Some Florida hospitals are now reporting the highest number of COVID-19 patients since the pandemic first started, according to The New York Times.
Two of the hospitals — University of Florida facilities in Jacksonville — had 14 COVID-19 patients a month ago. The number now stands at more than 140 people at the hospitals.
Most of the patients admitted in Jacksonville and other medical facilities in areas around the U.S. are those who have not been vaccinated, according to the report.
Debra Wells, 65, was one of those admitted to one of the Jacksonville hospitals earlier this month when what she thought was a cold grew into something worse.
''I said, 'Lord, I feel like I'm dying,''' said Wells, who was not vaccinated.
''I was misinformed,'' said Wells after a five-day hospital stay. ''I wasn't ready (for the vaccine), and I was scared.''
The Times noted that hospitalizations on a national level remain relatively low. But in certain pockets where vaccination levels are low the delta variant has left intensive care units and COVID-19 wards overflowing.
At the two hospitals in Jacksonville, the number of COVID-19 patients is higher than last summer, when the coronavirus hit Florida, according to the Times. And it is higher than over the winter, when the virus surged to devastating levels across the nation.
''It's very frustrating,'' said Dr. Leon L. Haley Jr., the chief executive of UF Health Jacksonville. ''Each day we continue to go up. There's no sense of when things are going to curtail themselves. People are stretched thin.''
The Times noted the areas with low vaccination rates and increase in virus cases include Northwest Florida, Southwest Missouri and Southern Alabama.
And the Mayo Clinic in Jacksonville is on track to match or exceed its earlier record. In addition, Wolfson Children's Hospital recorded its second-highest number of admissions, 45, after reaching 57 in January, the Times said.
In Daytona Beach, Florida, one AdventHealth hospital has more COVID-19 patients than ever. In the AdventHealth system in Central Florida, the COVID-19 patient load grew from 430 to 720 over the past week.
The Times' data shows that hospitalizations have increased in 45 states, Washington, D.C. and Puerto Rico over the last two weeks.

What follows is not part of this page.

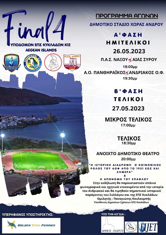 Ξεκινά στις 26 Μαΐου, ημέρα Παρασκευή και ώρα 18:00 στο Δημοτικό Στάδιο Άνδρου, ο πρώτος ποδοσφαιρικός αγώνας των τελικών Κυκλάδων για παιδιά μεταξύ Νάξου και Σύρου. Ακολουθεί στις 19:30 ο αγώνας μεταξύ Θήρας και Άνδρου. Οι ηττημένοι των δύο αγώνων θα παίξουν το Σάββατο 27 Μαΐου στις 17:00 στον μικρό τελικό της διοργάνωσης και οι νικητές στις 18:30 στο μεγάλο τελικό για την ανάδειξη του πρωταθλητή Κυκλάδων.

Meanwhile, Sen. Marco Rubio, R-Fla., on Wednesday defended the right not to get vaccinated against COVID-19, though he stressed that "people should get vaccinated" as delta variant case numbers rise in his home state.
Rubio said on CBS ''This Morning'' that "at the end of the day, it's up to people to make that decision," whether to get vaccinated.
He added that "the government, in a free society such as ours, there's only so much that they can do. They can provide information. We can debunk things that aren't true. We can provide access. It's ultimately up to people individually to make that decision."